Abbie kicks a ball from one end of the 100m field to the other if the ball is in the air for 4 seconds determine the angle the ball was kicked at and the initial velocity. Solve the question using kinematics formulas.
To solve this question, we can use the kinematics formulas for projectile motion. The two equations we'll be using are:
1) Horizontal displacement (Δx) = initial velocity (V₀) * time (t) * cos(θ)
2) Vertical displacement (Δy) = initial velocity (V₀) * time (t) * sin(θ) - (1/2) * acceleration due to gravity (g) * t²
Given that the field length is 100m and the ball is in the air for 4 seconds, we know that the horizontal displacement (Δx) is 100m and the time (t) is 4 seconds.
Now, let's solve for the initial velocity (V₀) and the angle (θ):
1) Δx = V₀ * t * cos(θ)
100m = V₀ * 4s * cos(θ)
Divide both sides by (4s * cos(θ)):
25m = V₀ * cos(θ)
2) Δy = V₀ * t * sin(θ) - (1/2) * g * t²
Assuming the ball starts at ground level, the vertical displacement (Δy) is 0. Therefore:
0 = V₀ * 4s * sin(θ) - (1/2) * 9.8 m/s² * (4s)²
0 = V₀ * 4s * sin(θ) - 78.4m
Now, we have two equations with two unknowns (V₀ and θ). We can use substitution to solve for both.
From equation 1, we have:
25m = V₀ * cos(θ) --> (Equation A)
From equation 2, we have:
0 = V₀ * 4s * sin(θ) - 78.4m --> (Equation B)

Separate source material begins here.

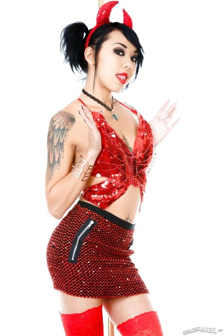 Burning Angel: Sexy american brunette Kimberly Chi in cosplay costume in strange fetish gallery
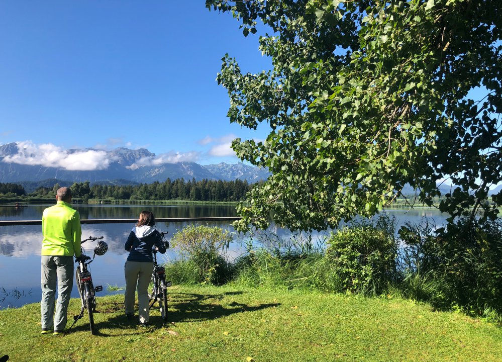Ein ca. 30minütiger achtsamer Abend-Spaziergang ab dem Hotel zur Hopfener Burgruine – der ältesten Steinburg des Allgäus. Von hier oben hat man den schönsten Blick über das Füssener Land. Der Blick schweift über den Hopfensee, über die gesamte Bergkette der Ammergauer, Tiroler und Allgäuer Alpen bis hinüber zu den beleuchteten Schlössern Ludwigs II.. Zurück geht es am Hochmoor vorbei durch den Wald, wo einem nicht selten Eichhörnchen, allerlei Insekten und Rehe über den Weg laufen (manchmal allerdings auch das eine oder andere „Rindvieh“…).

Now, let's solve equation A for V₀:
V₀ = 25m / cos(θ)
Substitute this value of V₀ into equation B:
0 = (25m / cos(θ)) * 4s * sin(θ) - 78.4m
0 = (100m * sin(θ)) - 78.4m
Rearrange the equation:
78.4m = 100m * sin(θ)
sin(θ) = 78.4m / 100m
sin(θ) = 0.784
Taking the arcsin of both sides:
θ = arcsin(0.784)
θ ≈ 51.81° (rounded to 2 decimal places)
Now, substitute this value of θ into equation A to find V₀:
25m = V₀ * cos(51.81°)
V₀ = 25m / cos(51.81°)
V₀ ≈ 40.10 m/s (rounded to 2 decimal places)
Therefore, the ball was kicked at an angle of approximately 51.81° and the initial velocity was approximately 40.10 m/s.